The iconic episode, entitled 'Lucy and Ethel Get Jobs', includes the timeless scene where Lucy and Ethel stuff chocolates in their mouths to keep the assembly line manager from realizing that they are not up to par to the task of wrapping chocolates - and ends with the girls receiving the ironic, but hilarious, gift of chocolates from Ricky and Fred as a truce.
"The episode in which Ricky and Fred call housework 'easy' and the implication that entering the working world is 'just for men' is a repugnant, chauvinistic approach to the complexity of womanhood," ALLY founder and president, Eileen Norvitz, said.
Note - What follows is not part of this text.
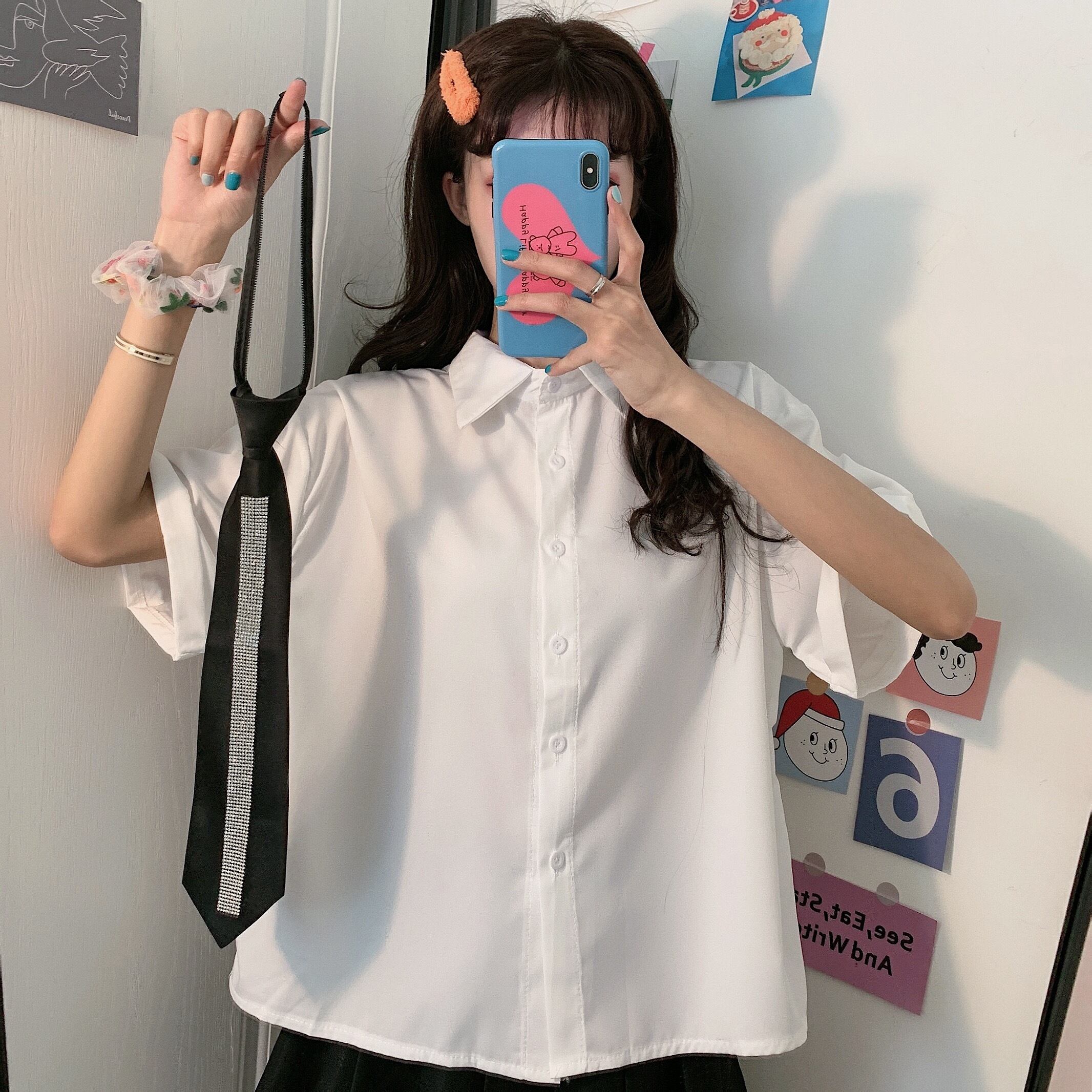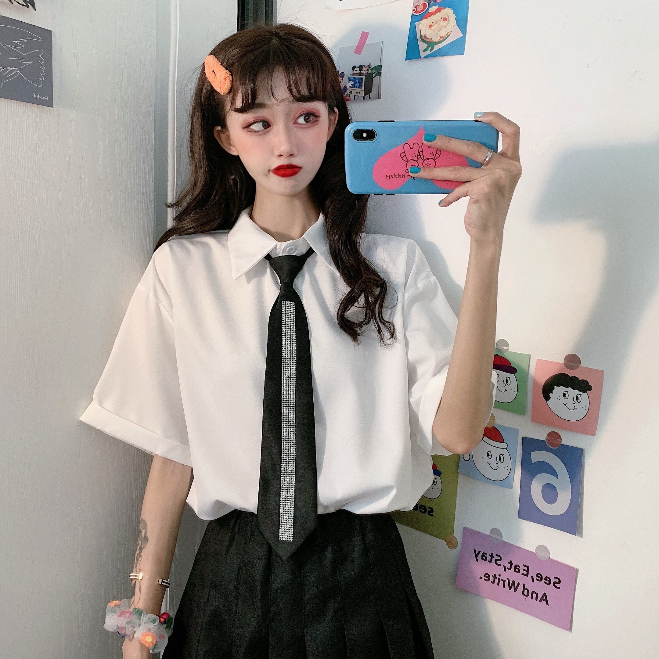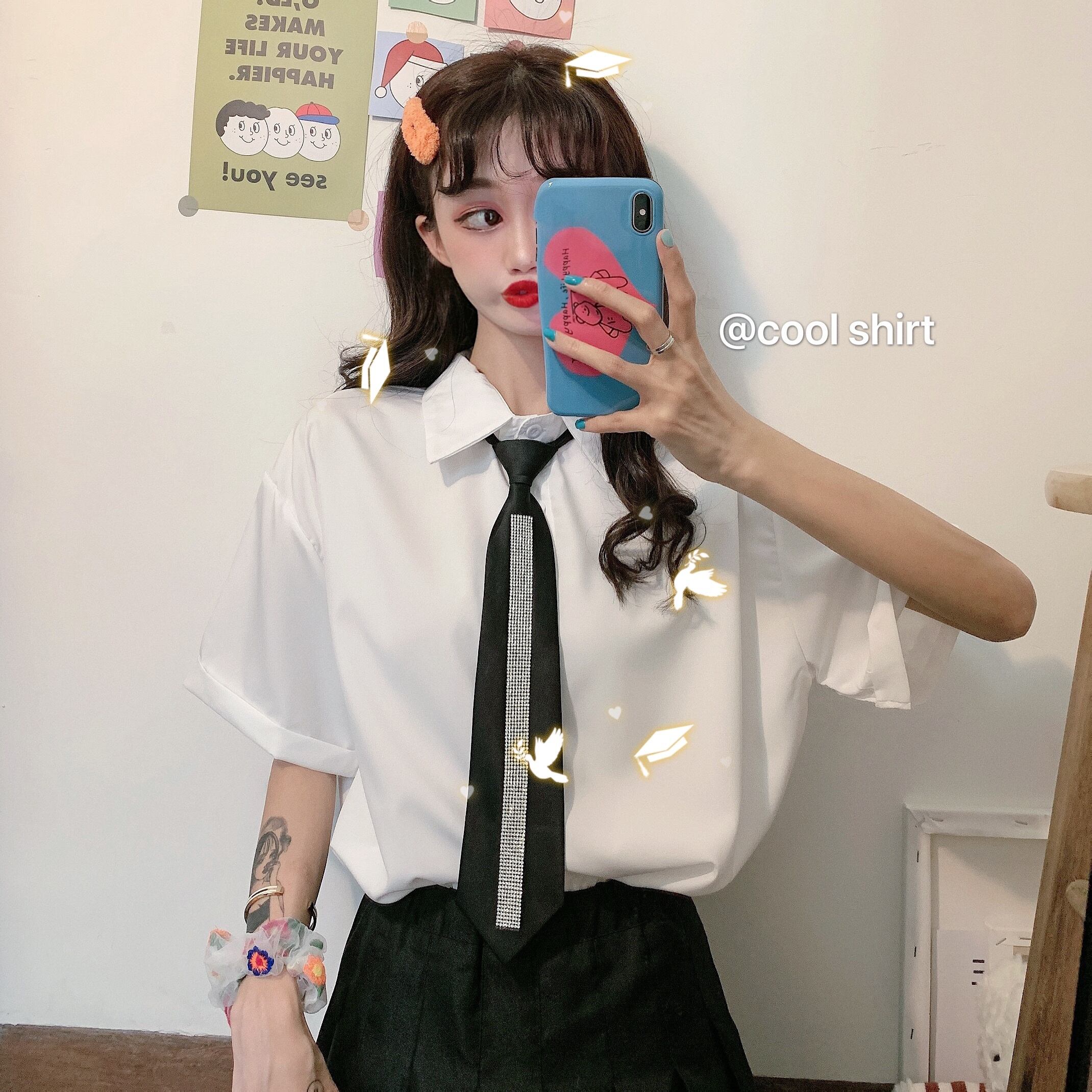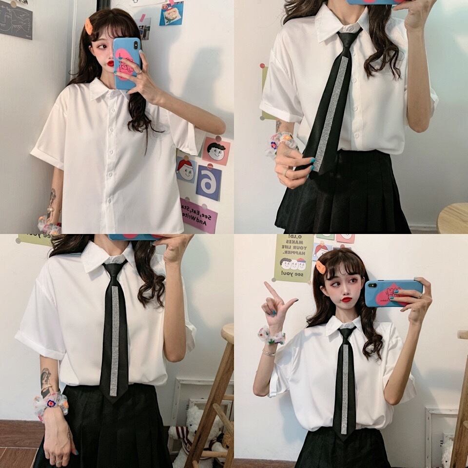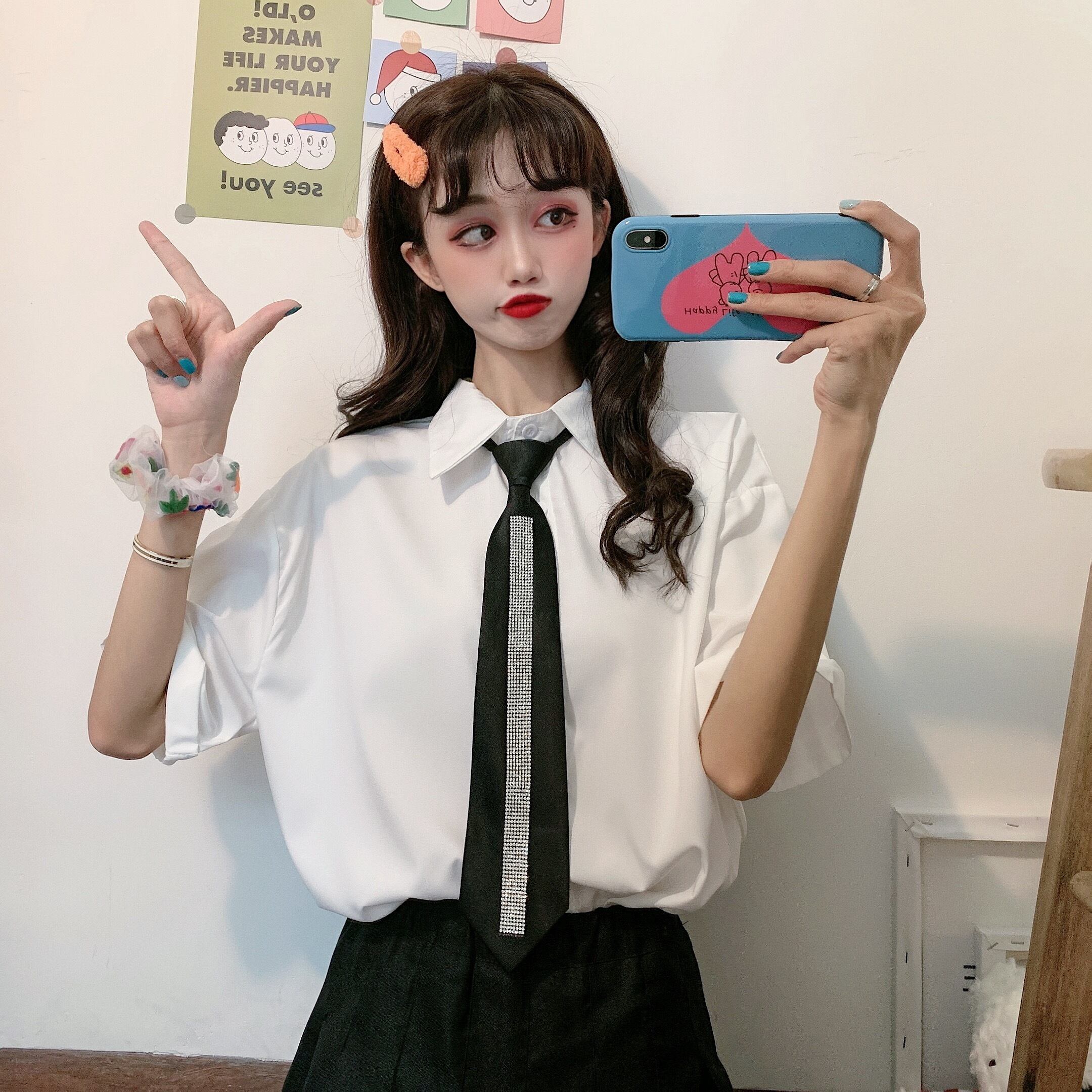色:フラッシュダイヤモンドネクタイ付きの白いシャツ

ALLY, whose members have already drafted a dozen protest letters to the network and plan to stage a rally against the Viacom faction on Monday, have echoed similar sentiments about that first episode of "Bewitched" where Darrin Stephens orders Samantha not to use her witchcraft.
"Just because he's a man, he should have power over her?" Norvitz complained about the highly entertaining fictional 1960s sitcom featuring fictional characters with fictional superpowers. "I would've twitched my nose and sent him back to the Dark Ages where he belongs. I'm not even going to mention Gladys Kravitz, who exemplifies the ill-conceived notion that housewives are mindless and gossipy fools."
Critics of the movement, like everyone who is not a feminist, had a differing point of view. Norman Fisher, a 38 year-old technology consultant, had doubts about ALLY's movement.
"Besides, everyone knows TVLand doesn't even have good shows on anymore, and it's the same shit everybody else has in syndication. If I were the group, I'd be more concerned about protesting their new programming direction," says Peterson. "I mean, what happened to iconic classics like 'Taxi' and 'Mary Tyler Moore'? I've already seen every horrible 'Just Shoot Me' episode - on NBC, because the show just fucking ended," Fisher said.